9.3. In furtherance of the representations and
warranties made by the parties in the Subscription
Agreement, GSCP represents and warrants to PRLC on the date
hereof and as of the Effective Time, that:
(a) it or its representatives has had an
opportunity to ask questions of and receive answers from
officers of PRLC, or a person or persons acting on its
behalf, concerning the terms and conditions of this
investment;
(b) it is an "accredited investor" as such
term is defined in Regulation 501 promulgated under the
Securities Exchange Act of 1934, as amended, and has such
knowledge and experience in financial and business matters
to evaluate the risks of investment in PRLC;
(c) the shares of common stock of PRLC
issuable to it in the Merger are being purchased by it for
its own sole benefit and account for investment and not with
a view to, or for resale in connection with, a public
offering or distribution thereof other than in the Offering;
and
(d) it has no present plan or intention to
sell, exchange or otherwise dispose of any shares of common
stock of PRLC received in the Merger except as contemplated
by the registration statement of PRLC on file with the
Securities and Exchange Commission on the date hereof.

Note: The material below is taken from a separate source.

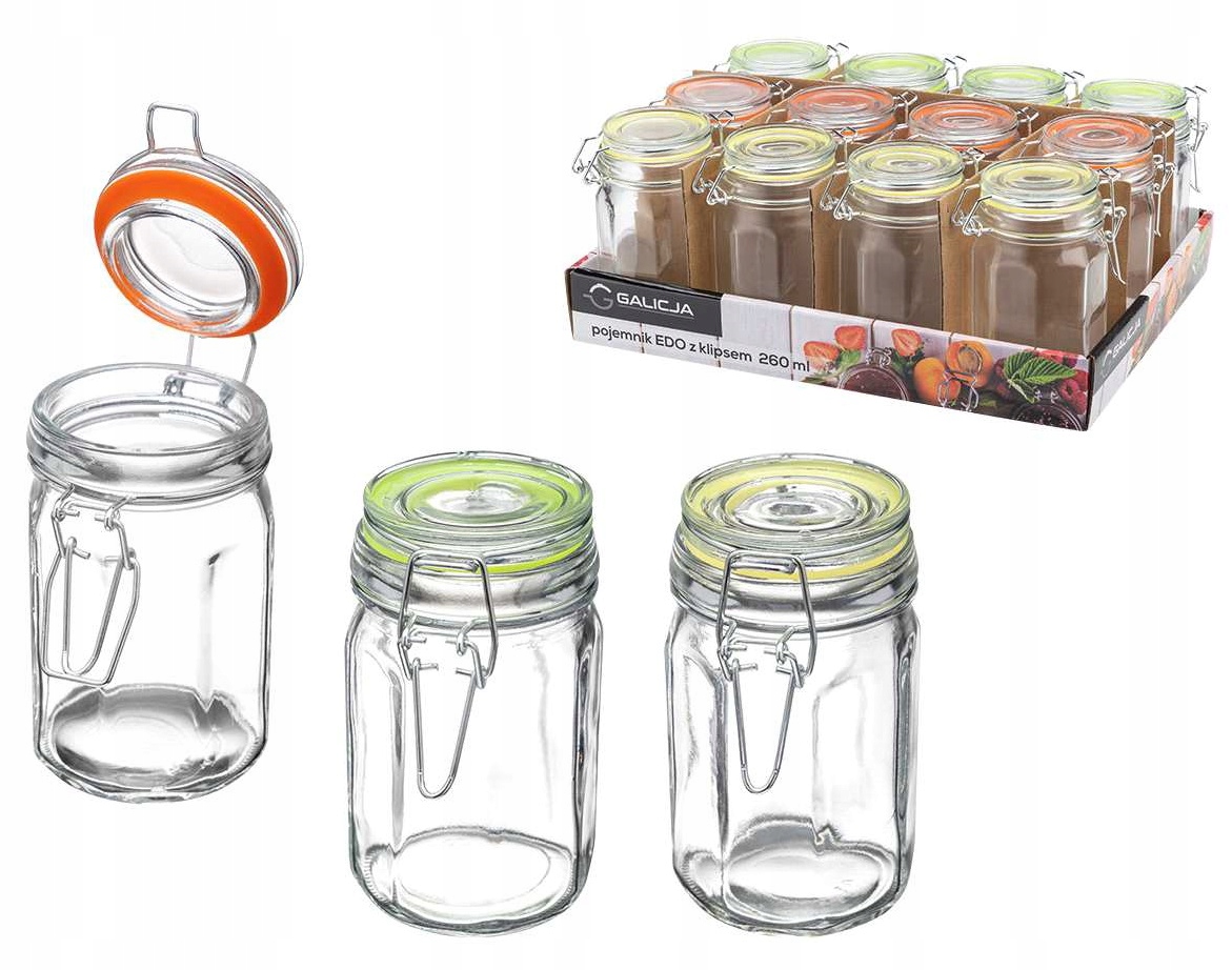 SZKLANY POJEMNIK mały słoik NA KLIPS 12 x 260 ml

9.4. GSCP will not, within two years of the
Effective Time, sell, exchange or otherwise dispose of a
number of shares of common stock of PRLC received in the
Merger that would reduce its ownership of common stock of
PRLC that it received in the Merger to a number of shares
having a value, as of the date of the Merger, of less than
50 percent of the value of all of the formerly outstanding
capital stock of Holding as of the date of the Merger. The
parties acknowledge that this restriction may be satisfied
by GSCP concurrently with the restriction on GSCP and
certain other parties contained in Section 4.1(b) of the
Stockholders Agreement dated the date hereof among GSCP and
certain other parties. Notwithstanding the foregoing, in no
event shall the provisions of this Section 9.4 prohibit the
sale, exchange or other disposition in connection with any
business combination transaction or other acquisition of
PRLC as a result of which no party to the Subscription
Agreement or any of its affiliates holds any outstanding
shares of common stock of PRLC.
10. Indemnification.
10.1. Indemnification. GSCP shall indemnify,
save and hold harmless (a) PRLC from and against any and all
losses, damages, liabilities, claims, judgments, settlement,
fines, costs and expenses, including attorneys' fees and
disbursements (collectively, "Losses") arising out of or in
connection with any breach of the representation made by
Holding in Sections 9.1 and 9.2, (b) PRLC from and against
any Losses caused by the Merger and (c) PRLC from any
liabilities whatsoever of Holding incurred on or prior to
the Effective Time, including, without limitation,
liabilities for taxes, incurred on or prior to the Effective
Time of Holding or of any other person with respect to which
Holding is or may be liable, including, without limitation,
interest, additions to tax, penalties and legal and
accounting expenses in connection therewith, and any related
out-of-pocket costs and expenses, and any liabilities that
result in whole or in part from the failure of the Merger to
qualify under Section 368(a)(1)(A) of the Code. Any payment
by GSCP to PRLC pursuant to this Section 10.1 shall be made
on a basis (a "Grossed-Up Basis") such that any payment
received or deemed to have been received by PRLC (the
"Original Payment") shall be supplemented by a further
simultaneous payment to PRLC so that the sum of the two
payments shall be equal to the Original Payment, after
taking into account all taxes that would result from the
receipt or accrual of such two payments.
10.2. Procedure. (a) If a claim is to be
made by PRLC against GSCP, PRLC shall give prompt written
notice (a "Claim Notice") to GSCP after PRLC becomes aware
of any fact, condition or event which may give rise to
Losses for which indemnification may be sought under this
Section 10. The failure of PRLC to give timely notice
hereunder shall not affect rights to indemnification
hereunder, except to the extent that GSCP is actually
prejudiced by the failure to give such notice.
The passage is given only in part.